» Problem statement
Find the line with "Esta jarra de" in the records below. Copy it and every line after it, up to and including the line with "В квартире 1".

» Extracted information
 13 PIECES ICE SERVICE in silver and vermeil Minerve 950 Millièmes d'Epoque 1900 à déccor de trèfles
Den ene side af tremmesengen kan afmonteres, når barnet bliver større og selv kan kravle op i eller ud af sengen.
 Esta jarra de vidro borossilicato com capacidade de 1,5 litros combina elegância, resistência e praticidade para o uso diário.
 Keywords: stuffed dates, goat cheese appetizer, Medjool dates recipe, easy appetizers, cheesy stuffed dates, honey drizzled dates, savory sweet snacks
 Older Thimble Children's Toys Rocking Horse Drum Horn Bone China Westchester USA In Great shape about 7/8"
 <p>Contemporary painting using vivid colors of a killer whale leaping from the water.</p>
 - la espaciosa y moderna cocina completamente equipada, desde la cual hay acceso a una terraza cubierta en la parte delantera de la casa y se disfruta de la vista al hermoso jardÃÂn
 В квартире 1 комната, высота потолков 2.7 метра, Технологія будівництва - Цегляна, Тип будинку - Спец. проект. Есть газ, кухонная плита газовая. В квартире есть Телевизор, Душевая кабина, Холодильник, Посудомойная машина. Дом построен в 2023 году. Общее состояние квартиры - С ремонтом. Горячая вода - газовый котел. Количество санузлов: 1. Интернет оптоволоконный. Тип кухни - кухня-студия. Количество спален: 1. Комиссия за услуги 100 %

* * *

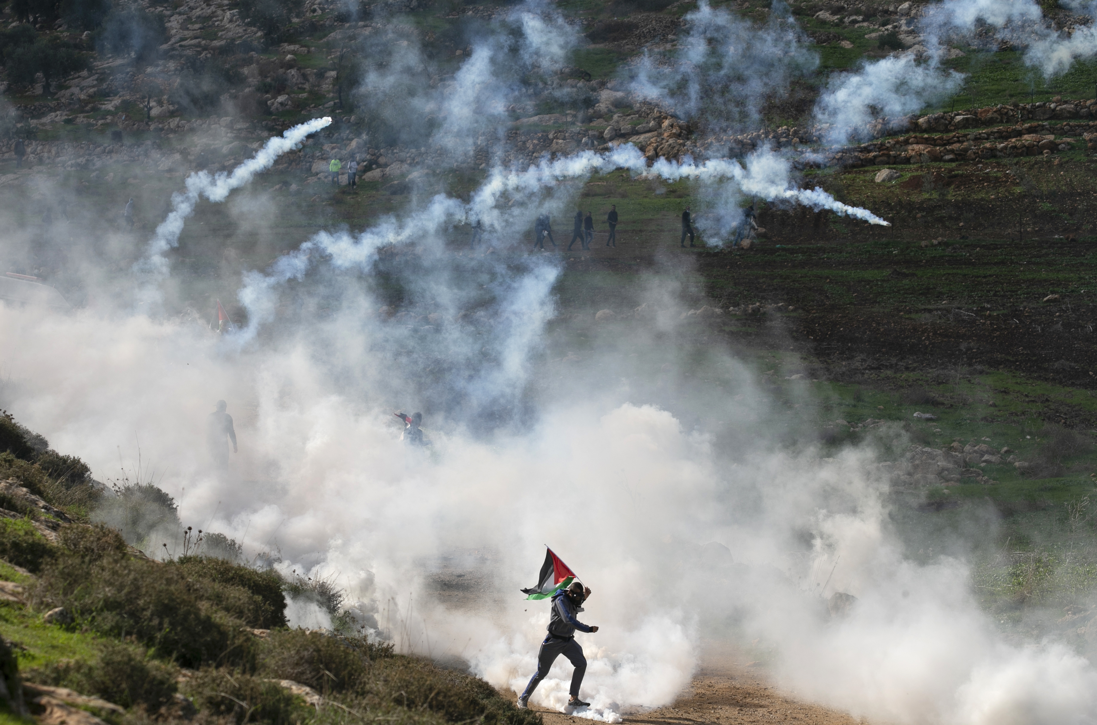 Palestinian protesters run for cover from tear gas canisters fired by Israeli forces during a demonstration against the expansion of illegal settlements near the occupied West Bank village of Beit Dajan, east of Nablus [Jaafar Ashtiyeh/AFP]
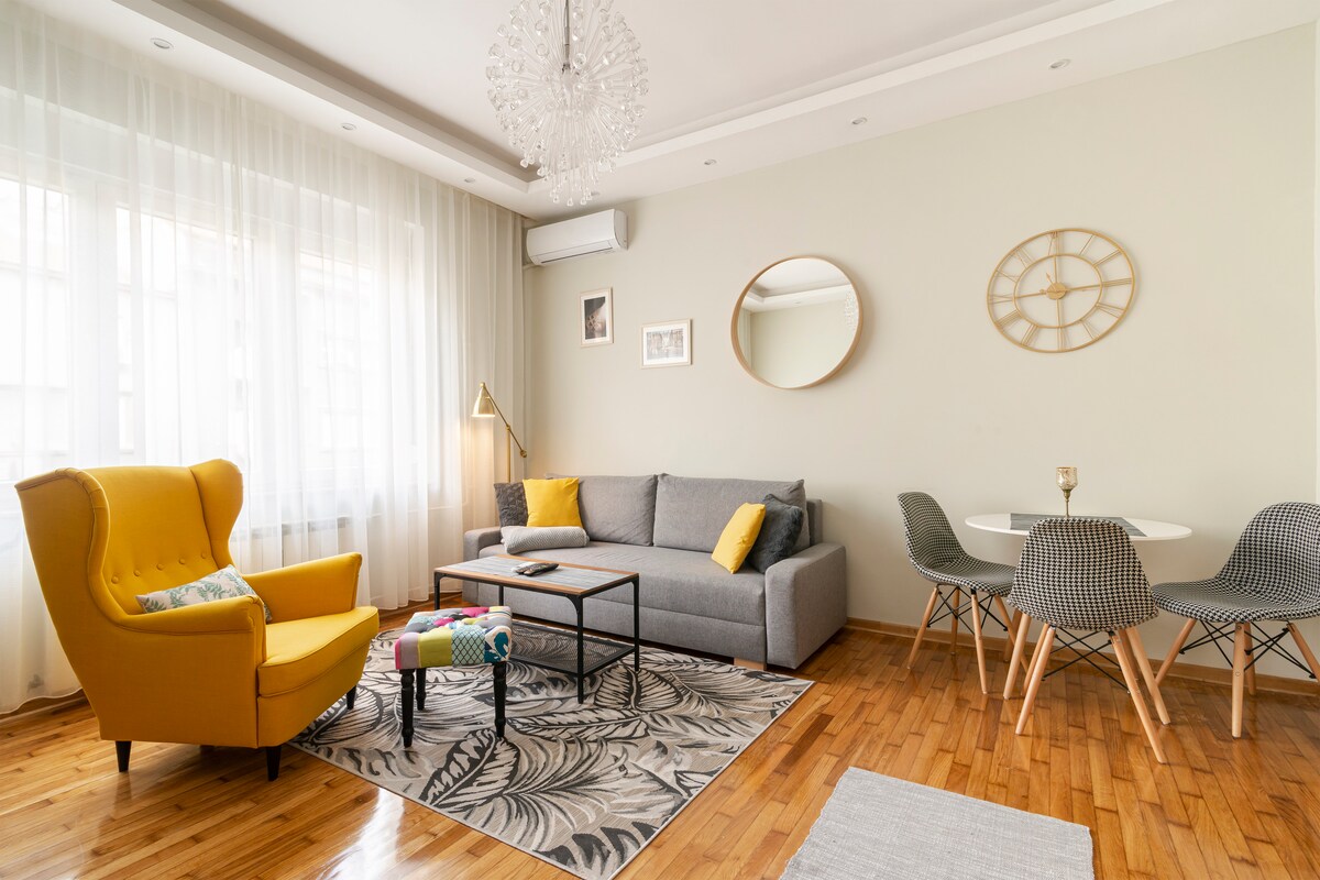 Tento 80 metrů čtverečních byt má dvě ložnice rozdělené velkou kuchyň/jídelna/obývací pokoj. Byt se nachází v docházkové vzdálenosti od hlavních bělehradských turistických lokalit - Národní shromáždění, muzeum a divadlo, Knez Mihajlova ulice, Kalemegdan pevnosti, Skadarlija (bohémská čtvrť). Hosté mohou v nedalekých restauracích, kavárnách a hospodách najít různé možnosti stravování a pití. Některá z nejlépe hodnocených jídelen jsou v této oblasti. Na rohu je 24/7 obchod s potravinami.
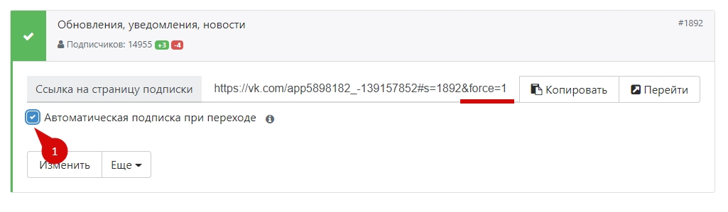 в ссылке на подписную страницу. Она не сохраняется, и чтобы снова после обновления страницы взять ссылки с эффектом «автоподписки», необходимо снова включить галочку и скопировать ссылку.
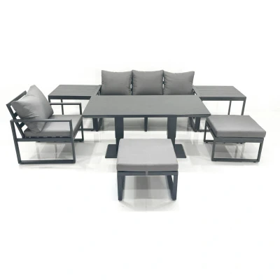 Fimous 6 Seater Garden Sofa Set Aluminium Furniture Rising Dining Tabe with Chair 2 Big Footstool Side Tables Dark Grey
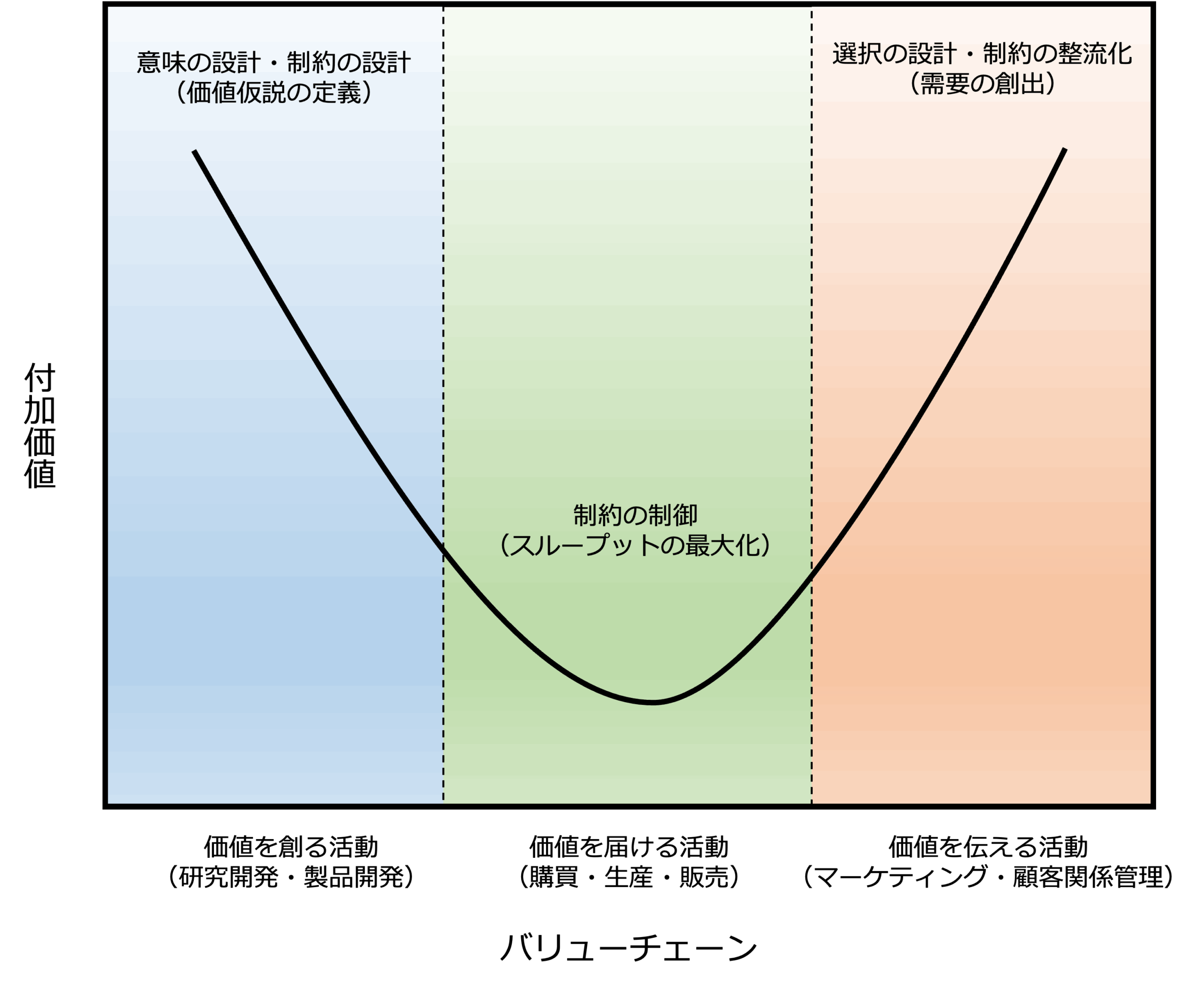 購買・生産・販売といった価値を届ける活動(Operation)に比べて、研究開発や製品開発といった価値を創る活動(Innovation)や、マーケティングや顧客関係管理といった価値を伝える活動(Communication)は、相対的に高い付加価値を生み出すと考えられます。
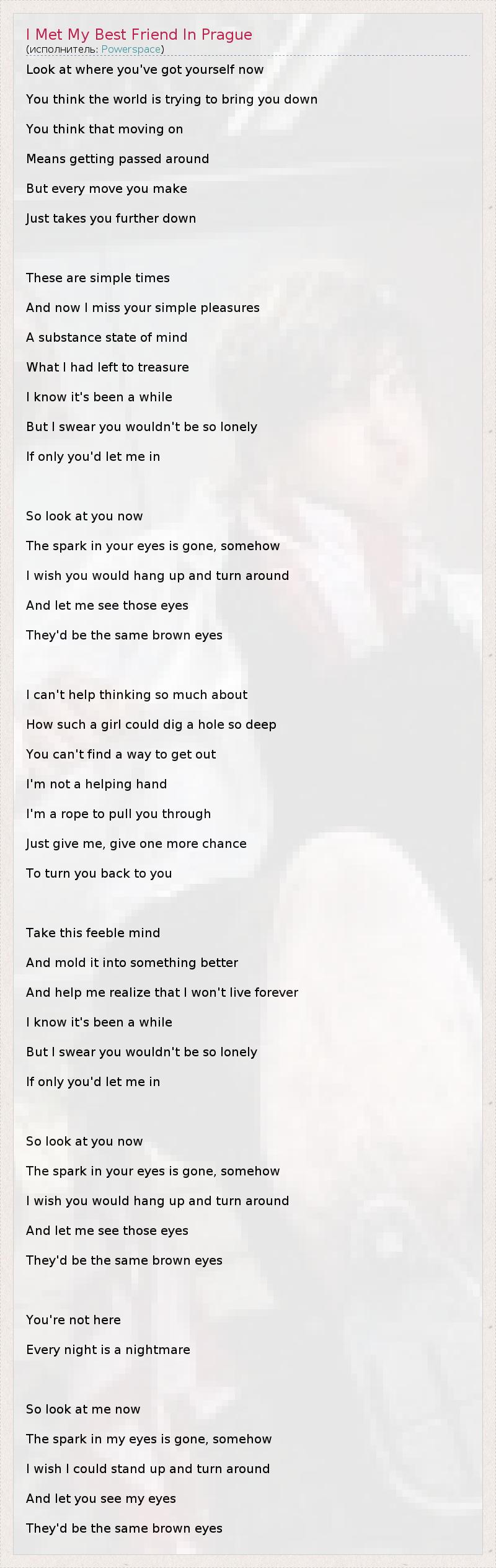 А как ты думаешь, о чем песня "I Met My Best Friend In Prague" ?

» Result
 Esta jarra de vidro borossilicato com capacidade de 1,5 litros combina elegância, resistência e praticidade para o uso diário.
 Keywords: stuffed dates, goat cheese appetizer, Medjool dates recipe, easy appetizers, cheesy stuffed dates, honey drizzled dates, savory sweet snacks
 Older Thimble Children's Toys Rocking Horse Drum Horn Bone China Westchester USA In Great shape about 7/8"
 <p>Contemporary painting using vivid colors of a killer whale leaping from the water.</p>
 - la espaciosa y moderna cocina completamente equipada, desde la cual hay acceso a una terraza cubierta en la parte delantera de la casa y se disfruta de la vista al hermoso jardÃÂn
 В квартире 1 комната, высота потолков 2.7 метра, Технологія будівництва - Цегляна, Тип будинку - Спец. проект. Есть газ, кухонная плита газовая. В квартире есть Телевизор, Душевая кабина, Холодильник, Посудомойная машина. Дом построен в 2023 году. Общее состояние квартиры - С ремонтом. Горячая вода - газовый котел. Количество санузлов: 1. Интернет оптоволоконный. Тип кухни - кухня-студия. Количество спален: 1. Комиссия за услуги 100 %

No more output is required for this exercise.